2. Geloven in magische gedachten
Aan het begin van het jaar heb je targets gesteld voor het komende jaar. Een jaar is lang, waardoor uitstelgedrag bijna onmiddellijk plaatsvindt. Het tegengif is, zelf urgentie creëren. Het jaar moet dus natuurlijk opgedeeld worden in delen, waardoor verschillende kortere deadlines ontstaan. Dat is zo simpel dat het altijd wel gebeurt, maar de stem van ons reptielenbrein zorgt ervoor dat we het gaandeweg vergeten. We houden onszelf liever niet verantwoordelijk voor de deadlines die we met vooruitziende blik hebben gesteld.
Veel mensen leunen achterover en denken: ach, ik heb nog maanden de tijd. Vervolgens ontstaan magische gedachten: het komt wel goed, dat overkomt mij toch niet, of: ik heb al genoeg momentum gecreëerd. Die laatste gedachte ontstaat bijvoorbeeld doordat er altijd genoeg werk binnen is gekomen, dus er is geen reden om in actie te komen. Het maakt mensen reactief in plaats van actief.
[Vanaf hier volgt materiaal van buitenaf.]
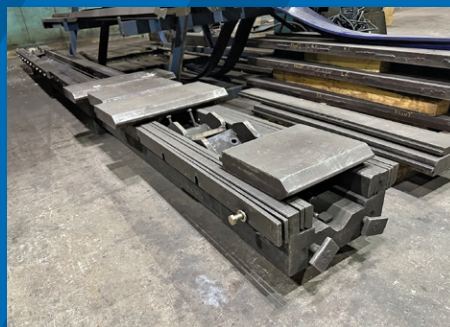
239" Adjustable Channel Die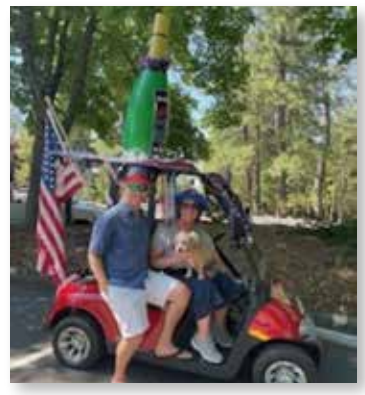
Second Place—The Kemmers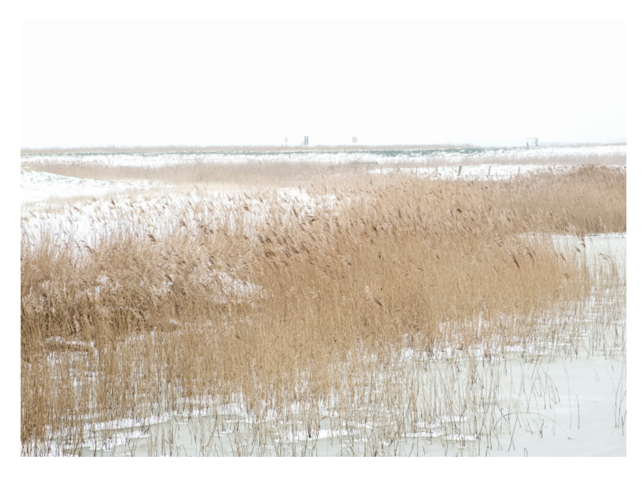
A slightly more quirky photo of still more reeds is featured below. I particularly like the reeds at the front of the frame of this photo. It reminds me of a pencil sketch.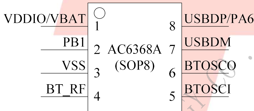
Figure 1-1 AC6368A Package Diagram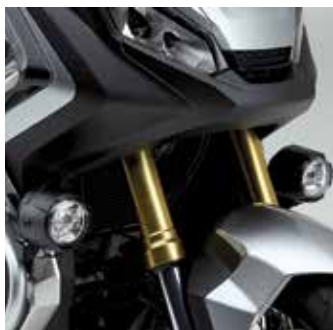
LED Fog Light Kit 08ESY-MKH-FLK17

Set of 2 additional LED headlights with all necessary components for fitment to the front side pipe. Increase the visibility for the riders and make him more noticeable for the traffic surrounding him. Front side pipe also included in this pack.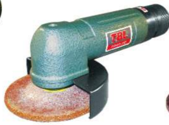
TG-2G 2" Angle Grinder TG-2L : With Lever Type Throttle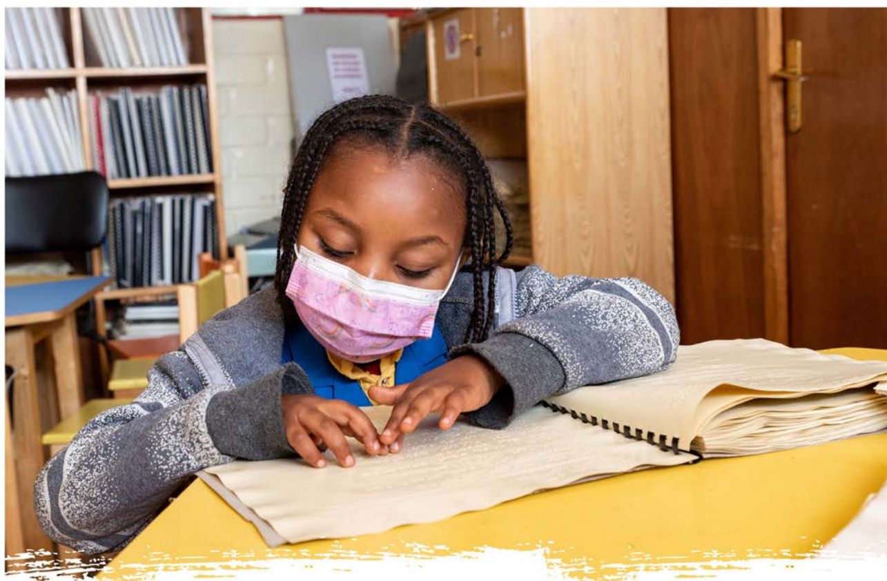
A student with low vision learning to read braille at the German Church School, Addis Ababa, Ethiopia.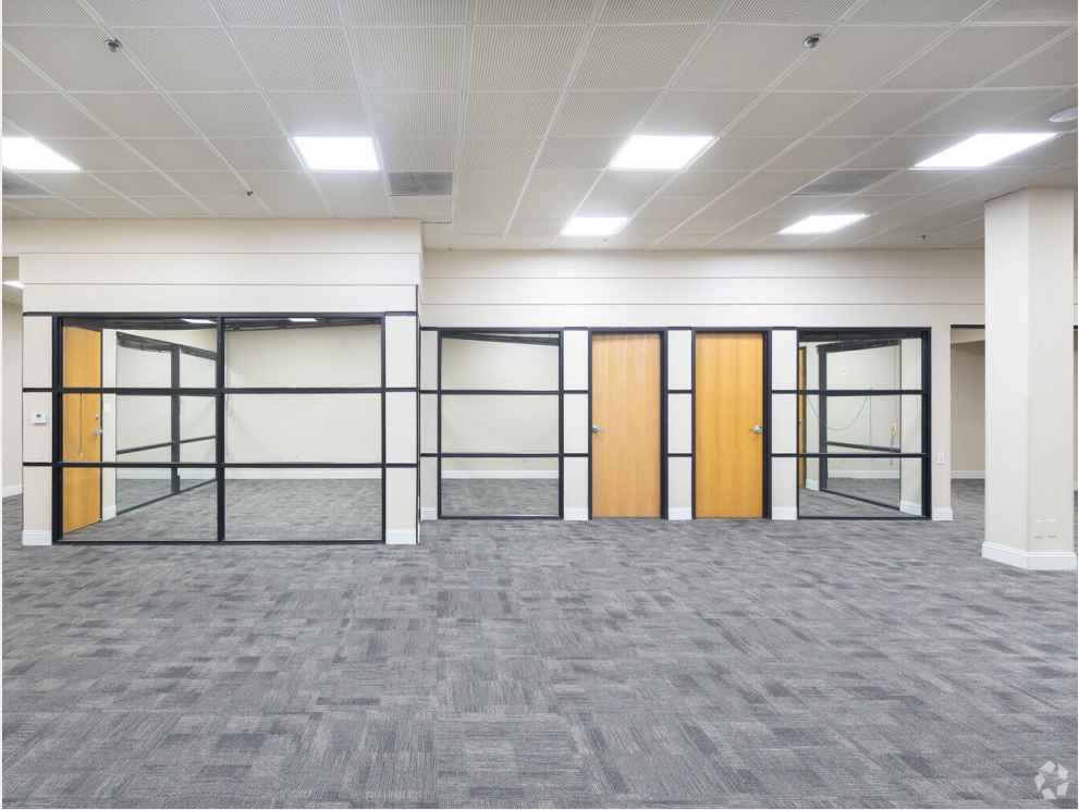
Open Area - Now Available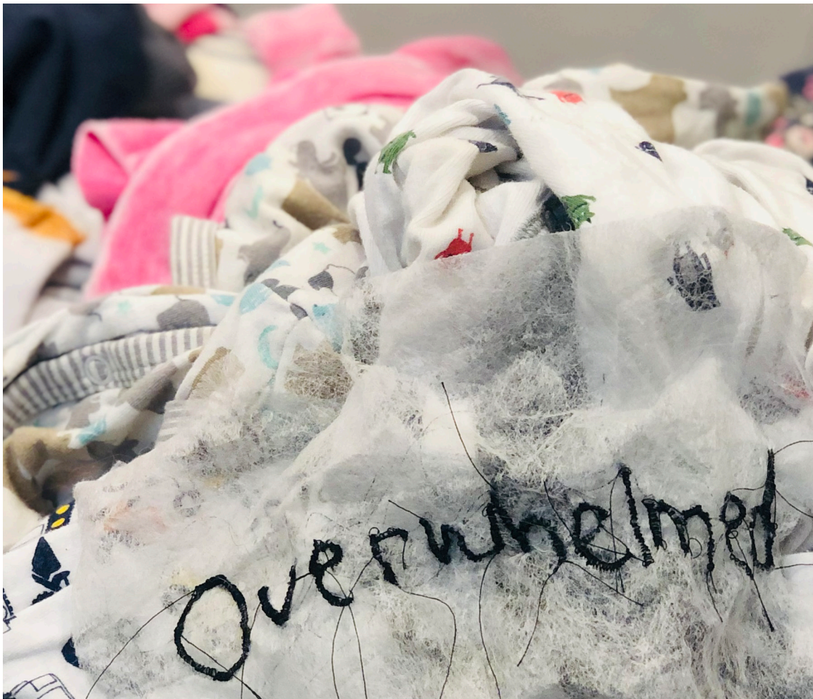
Good Moms Can Get Overwhelmed detail, 2021, clothes. 60"x 96"x 60".

Tracey Emin's My Bed , and Everyone I Have Ever Slept With were huge inspirations for me in gaining the courage to discuss my private life on a public scale. Like Emin, I wanted to create moments from my life and bring them into the gallery. Showing the daily battles, I had not only during lockdown, but a normal day as a mother. Choosing domestic objects that you find in an average home, especially a home with children. I knew I wanted an artists' touch and my claim of authorship to be apparent in all of my work. Yes, these are objects you can find in your home but the way I have recontextualized each piece will tell you my personal story. Emin took the chaos of her room after a break up and placed it in a gallery with her piece, My Bed . She created a moment where you feel as if she has just walked away from this space, it is so real, lived in and unfiltered. She kept condoms, dirty underwear, liquor bottles and left the bed a mess 1 . This is a moment most would hide from the outside world, but instead she has put it all on full display.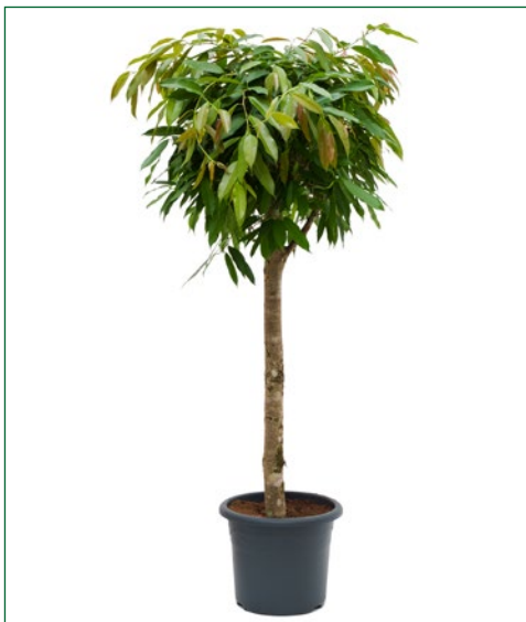
Artcode: 4FIAKRS35 Description: Ficus amstel king Variety: Stem Pot: 40 Height: 180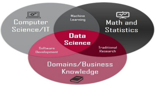
Fig.2 Data Science in Computer Science

7. Machine learning: Machine learning is backbone of data science. Machine learning is all about to provide training to a machine so that it can act as a human brain. In data science, we use various machine learning algorithms to cover the issues.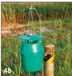
Corn borer trap

Pheromones are available for monitoring adult populations of southwestern corn borer (SWCB) and to some extent European corn borer (ECB), but not for the SCB. Both SWCB and SCB larvae can be observed in two forms, summer and winter. In SWCB, the summer form is white with black spots, while the winter form is creamy-white with barely-visible spots. The SCB is typically white with a brown head, and the summer form has brown spots on each body segment. The winter form of SCB lacks spots altogether.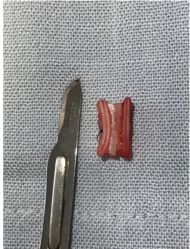
Fig. 2. Cartilage sandwich is prepared using alar cartilage as the outer shell and in the middle the cartilage allograft is located.

At 1-year postoperatively, patients could be seen with adequate nose projection using this allograft (Figs. 3–6).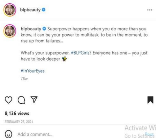
Figure 2. Activity and Purpose (4.A.2)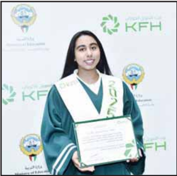
Outstanding student with a certificate of appreciation from Kuwait Finance House.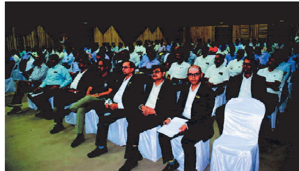
Delegates attended Seminar on 20th April 2023 Aurangabad Branch

the key drivers of economic growth. From the economic standpoint, for developing countries like India, supply chains create opportunities, augment productivity, improve technology and skills, increase employment, and diversify exports. Long-terms business relations ensure more income and uninterrupted revenue.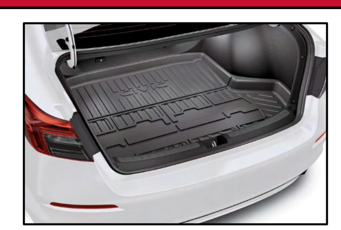
Trunk Tray $ 191 $0.87 /wk * (6.99%)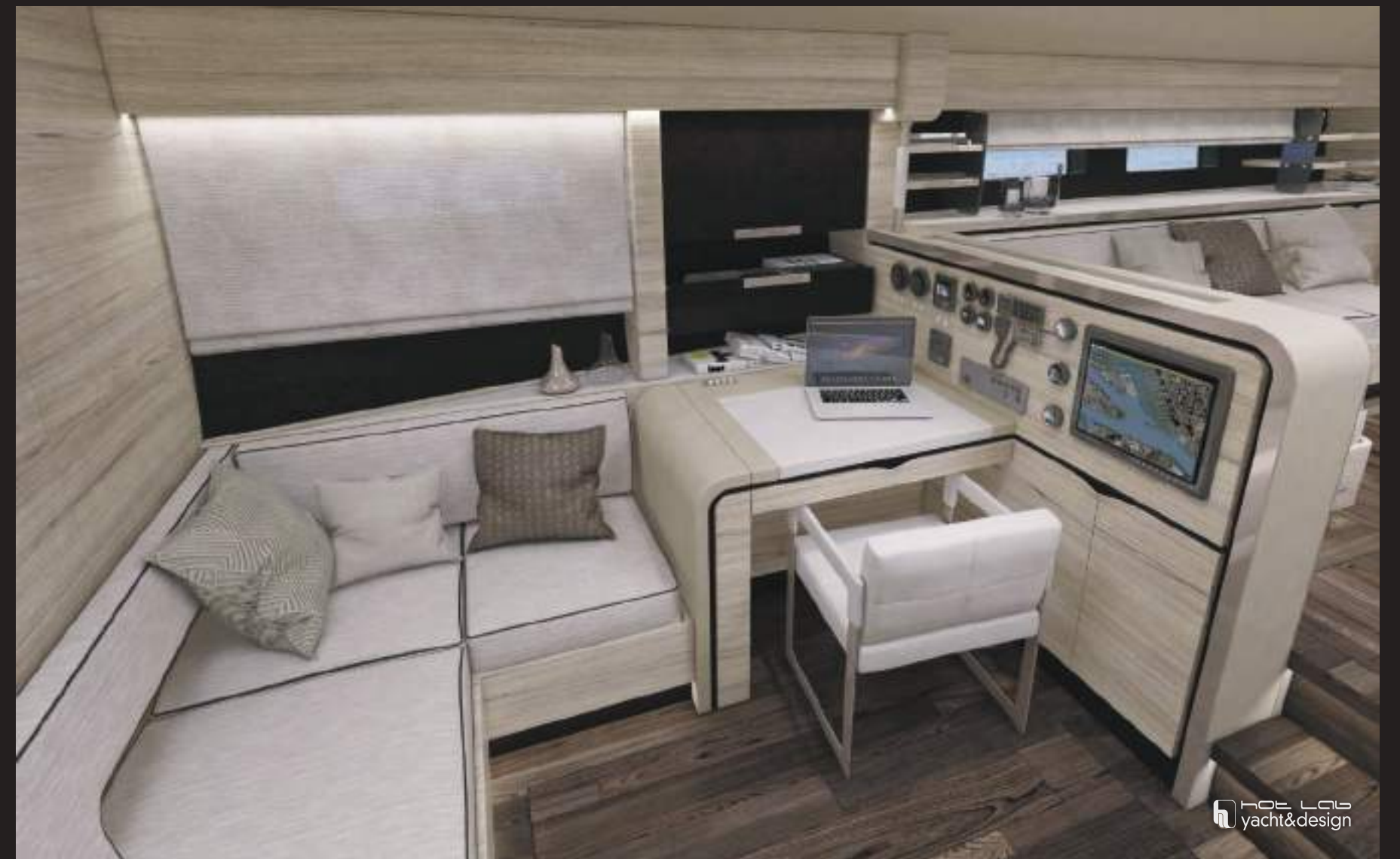
Main saloon - preliminary concept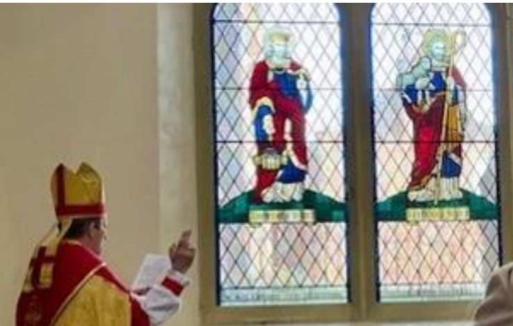
The windows are blessed at the evensong

Allemaal leuk en aardig, tot iets onverwachts als een crisis plaatsvindt en er niks meer binnenkomt.
Hoe stop je deze cirkel? Ten eerste, stop met positief denken en start met eerlijk denken. Positieve denkers zijn de grootste magische denkers. Je hebt helemaal niks aan gedachten als ‘het komt allemaal wel goed’. Los problemen nu op, ga nu achter die targets aan en ben proactief. Houd op met te geloven in eenhoorns, toverspreuken en dat er altijd een mooi einde is.
Download de eerste vijf hoofdstukken van Straight-Line Leadership
Kennis maken met de basis van Straight-Line Leadership? Download dan de eerste vijf hoofdstukken van het boek.
3. Een onzichtbare zwakke ‘inner stance’
Als het niet ligt aan angst of magisch denken, komt uitstelgedrag doordat je iets van jezelf (nog) niet ziet. Je hebt onwerkbare patronen draaien, maar bent je daar niet van bewust. Je innerlijke positie, oftewel je ‘inner stance’, is ineffectief op een manier die voor jou onzichtbaar is.
Misschien heb je een vervormd beeld van wie je bent, wat je tegenhoudt om in actie te komen. Denk aan een ondernemer die komt vanuit: ik ben tolerant. Die ondernemer zal een slecht functionerende medewerker niet willen aanspreken op zijn gedrag. In feite is hij te tolerant en wil hij geen confrontaties aangaan, maar zelf ziet hij dat niet. Hij stelt het gesprek dus maar uit.
Het is niet makkelijk om te zien waar je een onzichtbare zwakke inner stance hebt. Een leider kijkt echter altijd naar dat wat hij nog niet ziet. Als leider ben je altijd bewust van het feit dat er veel is dat je simpelweg niet weet. Sterker nog, je gaat bewust op zoek naar nog onbekende werelden. Het werk van een leider bevindt zich juist op onbekend terrein.